Use this chart to compare the Oreilly Sarah's performance against the competition, identifying areas of strength and those needing improvement.
This chart includes Top 10%, Top 25%, Top 50%, Top 75%, Top 90%, and Top 100% of the athletes. The outliers have been removed for clarity.
Percentile based on all the athletes who competed in Hyrox Pro Women
Improvement Plan
Based on our analysis, here are the focus areas for improvement. The goal is
to determine how quickly the athlete could improve on some stations and where is the path of least resistance to improve Oreilly Sarah's time.
The percentile rank is the current position of the athlete compared to the competition. It goes from 0 to 100, where 0 is the best and 100 is the worst.
It show the potential improvement for each station. The athlete should focus on the stations with the highest potential improvement and the biggest duration.
A big improvement in the Farmer's carry station will not be as impactful as a small improvement in the wall ball station for instance.
Just click on a station to see how easy it will be to improve and how important it is to focus on it during training.
For this athlete we identified a possible improvement of
04:12.
Check the detail of the improvement plan below.
Based on 145 athletes with similar finish time in Hyrox Pro Women
A word from RoxCoach - Your AI Powered Trainer
Overall Performance
Sarah Oreilly delivered a commendable performance at the 2024 Brisbane Hyrox race, securing an overall rank of 64 out of 212 athletes, placing her in the top 30%. Notably, she ranked 18th in her age group (30-34), which is the top 26% among her peers. Her overall time was 01:34:47, and she distinguished herself with a total running time of 00:43:45, which is 01:37 faster than the average. This indicates she has a strong running profile, although there may be room for improvement in certain strength segments. Her initial pacing was aggressive, as seen in the first running segment, where she was significantly faster than average, suggesting a potential need for better energy management throughout the race.
Segments to Improve
Burpees Broad Jump: This was the most challenging segment for Sarah, taking 02:04 longer than the average. To improve, focus on explosive strength and endurance. Exercises: burpee variations, plyometric drills, and core strengthening exercises. Form correction should include focusing on maintaining a steady rhythm and efficient movement during the jumps.

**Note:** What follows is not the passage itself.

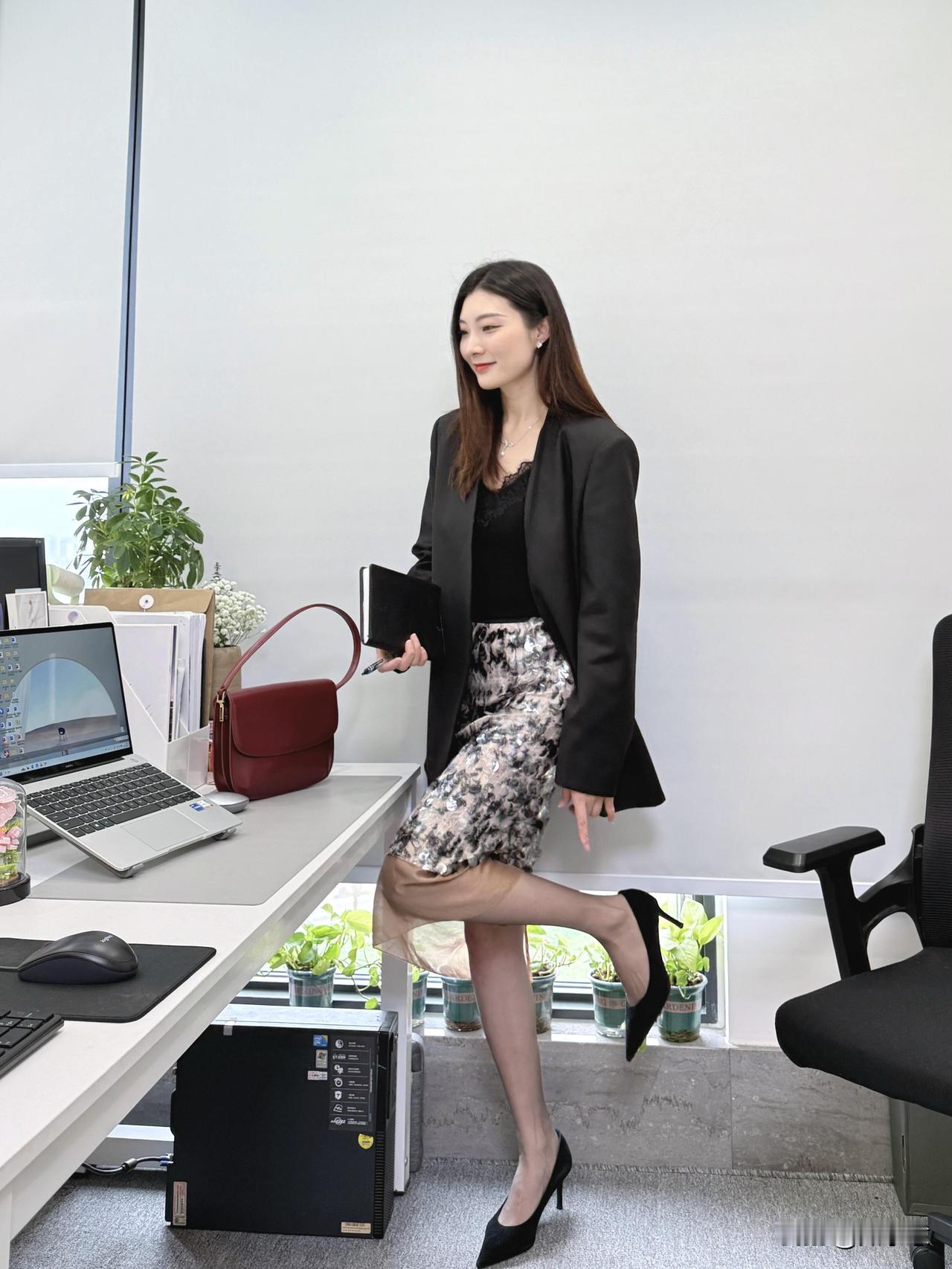 春季通勤职场OOTD~ 黑西装+蕾丝内搭+亮片裙 日常通勤又不失时尚 姐姐好飒!

Sandbag Lunges: This segment was 01:06 slower than average. Improving leg strength and balance will be crucial. Exercises: weighted lunges, Bulgarian split squats, and stability drills. Ensuring proper form, such as keeping the knee aligned with the ankle, will help in efficient energy use.
Wall Balls: Sarah took 00:25 longer than average. Enhance shoulder endurance and coordination. Exercises: wall ball drills, shoulder press, and high-rep squats. Focus on maintaining a steady pace and using leg drive to assist the throw.
Roxzone: Sarah's time here was 00:07 slower than average, indicating room for quicker transitions. Training: practice quick transitions between exercises, improve cardiovascular endurance, and reduce rest time.
Farmers Carry: This segment was 00:17 slower than average. Strengthen grip and core stability. Exercises: farmers walks with increasing weights, grip strengthening exercises, and core strengthening routines. Maintain a steady pace and focus on controlled breathing.
Race Strategies
Energy Management: Given the fast start, Sarah should aim to pace herself more evenly to conserve energy for later segments. Implementing a slight reduction in initial speed could enhance endurance.
Transition Efficiency: Focus on reducing time in the Roxzone by practicing quick transitions between exercises and minimizing rest periods.
Compromised Running Scenarios: Practice running immediately after strength exercises to simulate race conditions. This will help adapt the body to running with fatigue, improving overall race performance.